Atemu commented Oct 16, 2023

It appears it can get stuck on any classification task. A temporary workaround is to disable classification for some of the lesser used tags/correspondents/doctypes until it works again.

@Atemu
Copy link
Member

Atemu commented Dec 22, 2023

The likely cause for this bug has been found: OpenBLAS. Building numpy with i.e. the proprietary mkl BLAS implementation instead resolves this issue.

I'm not sure how to start approaching upstream in this as OpenBLAS is like 3 libraries down the dependency tree.

@benley
Copy link
Member Author

benley commented Jan 29, 2024

I'm not sure how to start approaching upstream in this as OpenBLAS is like 3 libraries down the dependency tree.

The nixpkgs manual BLAS/LAPACK section suggests using LD_LIBRARY_PATH to select a different BLAS implementation at runtime:

$ LD_LIBRARY_PATH=$(nix-build -A mkl)/lib${LD_LIBRARY_PATH:+:}$LD_LIBRARY_PATH nix-shell -p octave --run octave

One could of course use an overlay to override BLAS, but that triggers a huge number of rebuilds on most systems. I'm going to see if I can get something working with LD_LIBRARY_PATH.

@benley
Copy link
Member Author

benley commented Jan 29, 2024

One could of course use an overlay to override BLAS, but that triggers a huge number of rebuilds on most systems. I'm going to see if I can get something working with LD_LIBRARY_PATH.

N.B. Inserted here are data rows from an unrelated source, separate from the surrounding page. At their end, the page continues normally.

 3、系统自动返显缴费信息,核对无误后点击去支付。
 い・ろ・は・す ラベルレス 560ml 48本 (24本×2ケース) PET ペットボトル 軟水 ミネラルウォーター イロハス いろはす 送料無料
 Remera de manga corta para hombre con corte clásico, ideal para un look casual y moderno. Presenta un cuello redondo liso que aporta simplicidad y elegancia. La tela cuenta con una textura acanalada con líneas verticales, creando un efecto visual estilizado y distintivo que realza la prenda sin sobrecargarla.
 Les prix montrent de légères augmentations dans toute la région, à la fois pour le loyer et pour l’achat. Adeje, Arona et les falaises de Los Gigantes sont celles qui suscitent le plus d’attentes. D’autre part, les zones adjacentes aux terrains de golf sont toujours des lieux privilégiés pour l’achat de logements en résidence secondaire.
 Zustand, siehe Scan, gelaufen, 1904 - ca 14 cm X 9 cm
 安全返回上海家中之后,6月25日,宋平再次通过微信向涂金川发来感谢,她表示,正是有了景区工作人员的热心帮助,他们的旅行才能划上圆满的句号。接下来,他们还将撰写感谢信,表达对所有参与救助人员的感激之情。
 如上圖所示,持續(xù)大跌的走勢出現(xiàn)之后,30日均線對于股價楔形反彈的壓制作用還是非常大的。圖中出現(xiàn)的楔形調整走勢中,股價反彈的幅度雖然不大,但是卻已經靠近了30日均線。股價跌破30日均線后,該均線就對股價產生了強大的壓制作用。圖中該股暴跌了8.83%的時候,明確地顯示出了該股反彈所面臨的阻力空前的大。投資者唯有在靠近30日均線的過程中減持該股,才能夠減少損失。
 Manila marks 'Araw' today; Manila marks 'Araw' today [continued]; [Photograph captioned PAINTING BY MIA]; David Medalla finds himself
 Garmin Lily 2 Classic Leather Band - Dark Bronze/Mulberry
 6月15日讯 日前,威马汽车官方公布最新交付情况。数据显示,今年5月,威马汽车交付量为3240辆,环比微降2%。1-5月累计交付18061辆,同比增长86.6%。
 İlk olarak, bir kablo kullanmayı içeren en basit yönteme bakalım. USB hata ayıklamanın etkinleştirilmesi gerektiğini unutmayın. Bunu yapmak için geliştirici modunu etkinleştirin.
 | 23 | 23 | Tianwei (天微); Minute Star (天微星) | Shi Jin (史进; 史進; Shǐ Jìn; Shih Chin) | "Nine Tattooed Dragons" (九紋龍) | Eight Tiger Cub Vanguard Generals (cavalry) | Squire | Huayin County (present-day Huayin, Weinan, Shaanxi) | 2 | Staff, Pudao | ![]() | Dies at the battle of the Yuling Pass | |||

So far this seems to actually work! I wasn't able to use the amd-blis library due to missing symbols, but mkl worked:

services.paperless.extraConfig = {
  LD_LIBRARY_PATH = "${lib.getLib pkgs.mkl}/lib";
};

(that will be services.paperless.settings in nixos-unstable; I am running 23.11)

@Atemu
Copy link
Member

Atemu commented Jan 30, 2024

Another thing we could perhaps try somehow is to prevent BLAS from loading somehow because the upstream wheels for numpy somehow don't include any BLAS implementation at all and therefore neither does the paperless-ngx docker image.

ambroisie added a commit to ambroisie/nix-config that referenced this issue Jan 30, 2024
This is an experimental fix to try and get around an issue with the
default BLAS/LAPACK implementation. See [1] for more details.

[1]: NixOS/nixpkgs#240591
ambroisie added a commit to ambroisie/nix-config that referenced this issue Jan 30, 2024
This is an experimental fix to try and get around an issue with the
default BLAS/LAPACK implementation. See [1] for more details.

[1]: NixOS/nixpkgs#240591
@Lyndeno
Copy link
Contributor

Lyndeno commented Mar 18, 2024

One could of course use an overlay to override BLAS, but that triggers a huge number of rebuilds on most systems. I'm going to see if I can get something working with LD_LIBRARY_PATH.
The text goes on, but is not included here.